Previously, Mungai said, the fund had been “small” and couldn’t get contracts when they approached firms like Goldmann Sachs and JP Morgan, but they are now able to access their brokerage units. He said the fund is structured in a way that it strikes a balance between ensuring above-average returns and not taking a disproportionate amount of risk.
“If you only did forex trading, you could make it for some time, but it’s also a highly volatile market so we dampened the volatility by adding a lot of over-the-counter products and cash and equivalent.”
Mungai said in the first year, investors were sceptical and held off to see if they could prove their concept.
The fund now has assets under its management of over Sh2 billion.
“Investors were asking: How come everybody else returns 10 per cent, and you guys return more than double that amount?
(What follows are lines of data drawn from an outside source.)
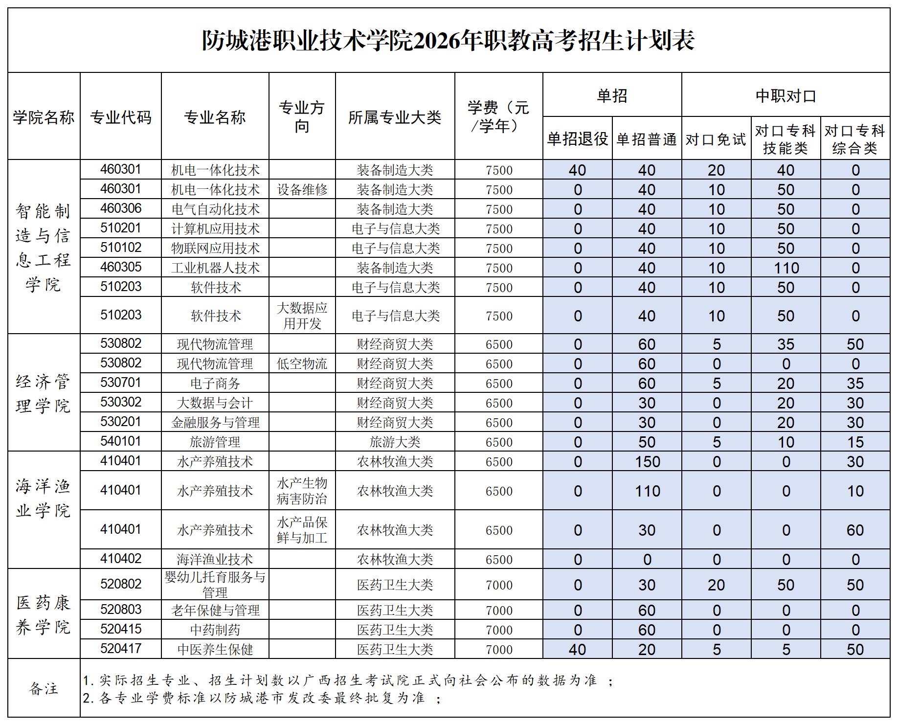 防城港职业技术学院2025年分类考试分专业投档最低分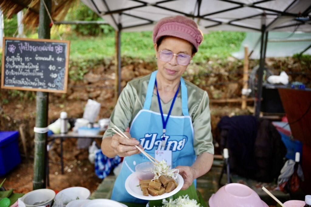 - อกไก่ย่างซอสสะเบี๊ยะ เมนูใหม่ที่ประยุกต์จากอาหารของชาวอาข่า นำชาชูอกไก่นุ่มมาเสิร์ฟคู่กับซอสรากชูที่ถูกปรุงรสมาอย่างพิถีพิถัน ทานคู่กับฟักทองญี่ปุ่นและผักกูดที่ชาวบ้านปลูกเองบนดอยตุง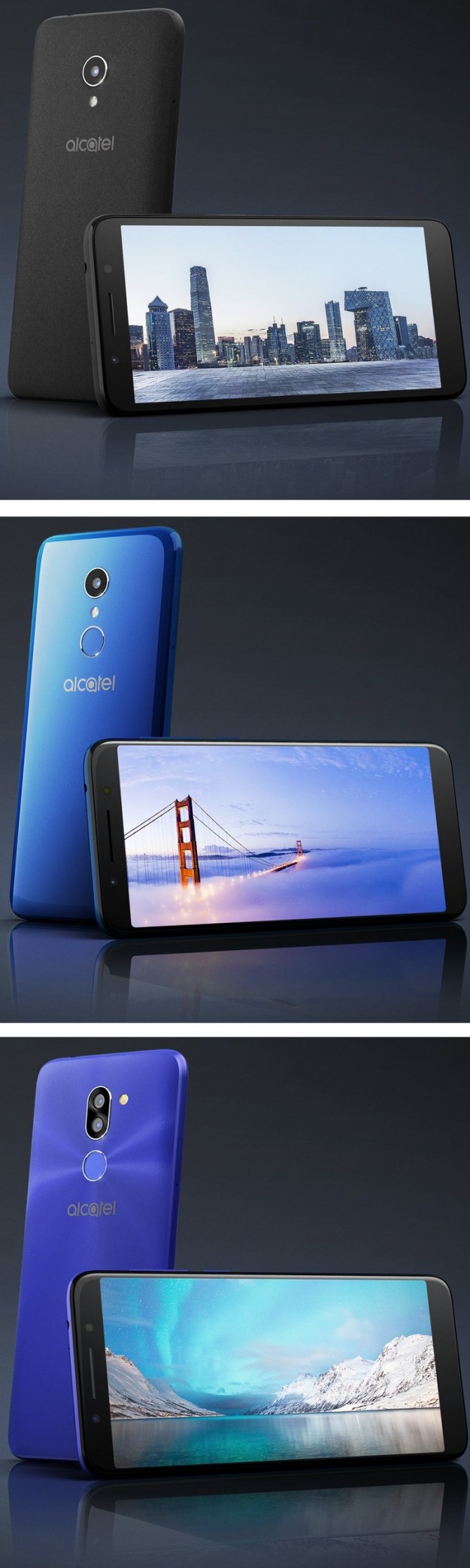 Alcatel 1x, 3 и 3x: характеристики и пресс-фотоИскатель утечек Эван Бласс продолжает публиковать пресс-фото смартфонов, анонс которых запланирован на MWC 2018. Вслед за флагманами Samsung и Sony перед ним не устояли бюджетные Alcatel – 1x, 3 и 3x. Стоило их фотографиям появиться в твиттере @evleaks, как их ретвитнул искатель утечек Зияд Таф (@ZyadAtef12). И не просто ретвитнул, а заодно расскзал характеристики устройств. Объединяют их только экраны с соотношением сторон 18:9, чипсеты MediaTek MT6739 и 5-Мп фронталки. Прочие параметры Alcatel 1x (сверху) включают 5,34" дисплей с разрешением 960х480 точек, 2 ГБ ОЗУ, 16 ГБ ПЗУ, 13-Мп камеру, аккумулятор на 2460 мАч и корпус размерами 147,5х70,6х9,15 мм и весом 130 г. Alcatel 3 (посередине) получит 5,5" экран HD+, 2 ГБ ОЗУ, 16 ГБ ПЗУ, 13-Мп камеру, батарею на 3000 мАч и корпус размерами 147,1х68,8х8,5 мм и весом 145 г. Наконец, Alcatel 3x (внизу) оснастят 5,7" дисплеем HD+, 3 ГБ оперативной и 32 ГБ встроенной памяти, двойной камерой 13 Мп + 5 Мп, аккумулятором на 3000 мАч. Размеры корпуса – 153,5х71,6х8,75 мм, вес – 150 г.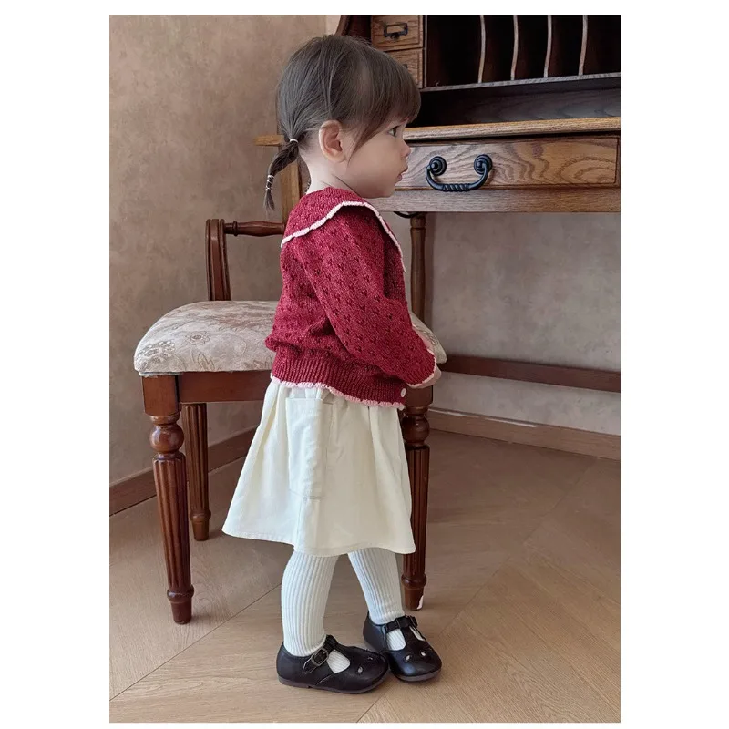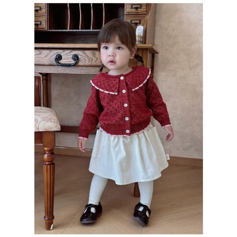 Cardigan lavorato a maglia per bambina con colletto alla Peter Pan Cappotto maglione abbottonato in pizzo scavato per bambini Capispalla autunno inverno D5208 1Cardigan lavorato a maglia per bambina con colletto alla Peter Pan Cappotto maglione abbottonato in pizzo scavato per bambini Capispalla autunno inverno D5208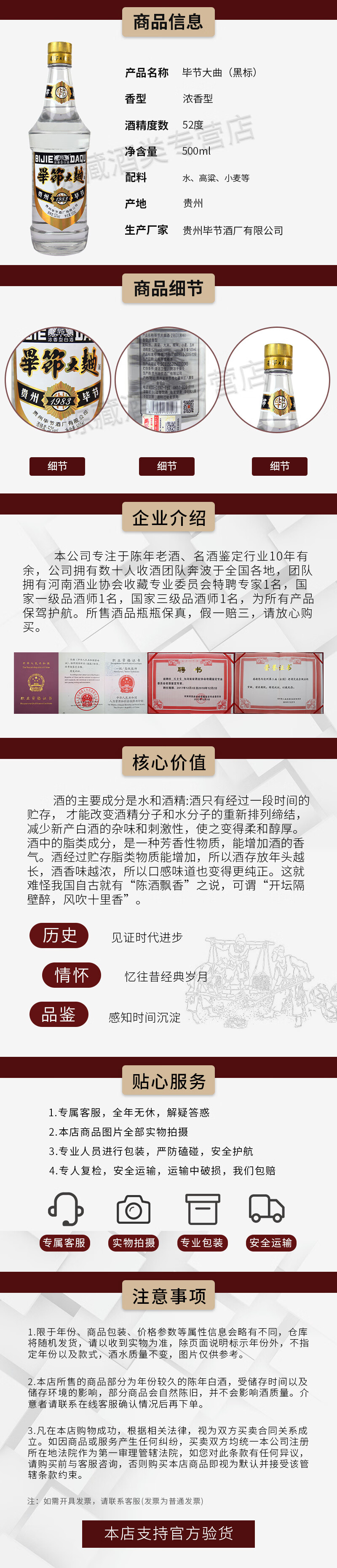 毕节大曲1983黑标白酒 贵州老八大酒 整箱浓香型52度黔派浓香纯粮食酒 500ml*6瓶整箱装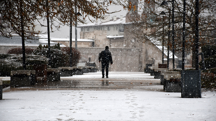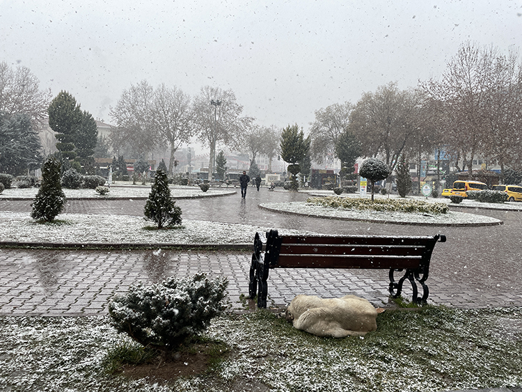 Kentte bir süredir etkili olan soğuk havanın ardından sabah saatlerinde kar yağdı. Tarihi Cumhuriyet Meydanı beyaz örtüyle kaplandı.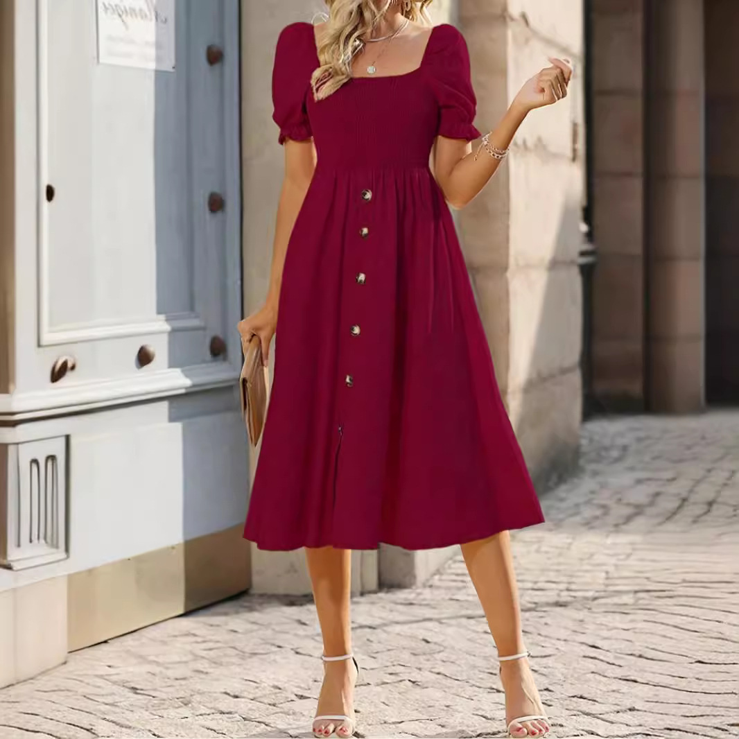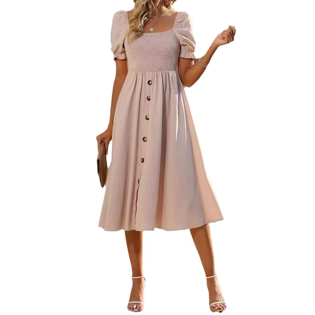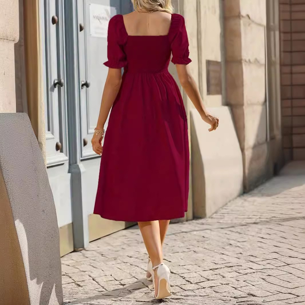 Cross-border Trade European and American Women's Clothing Amazon 2024 Summer Solid Color Square Neck Short-sleeved Single-breasted Ruffled dress

It doesn’t make sense; you are either lying or taking more than the typical amount of risk,” he said.
According to him, the Covid-19 pandemic “vindicated” their model by showing that even amid volatility, the fund can squeeze returns.
In the second quarter, they offered the lowest annualised return at 16 per cent owing to the adoption of a “defensive” mode due to the uncertainty caused by the pandemic.
“If not for Covid-19, we would have been a much larger fund. At 16 per cent, we are performing better than other funds,” said Mungai.
Mansa X has capped the minimum investor entry at Sh250,000. Mungai said this is meant to target the middle class. The age of investors in Mansa X ranges between 35 and 65. They put in an average of between Sh250,000 and Sh500 million.
Mungai considers the investment banking they do as “sophisticated” and believes that the market has remained traditional yet there is a lot that can be tapped to provide good returns.
He noted that the focus for the typical fund manager has been stock market yields and government securities.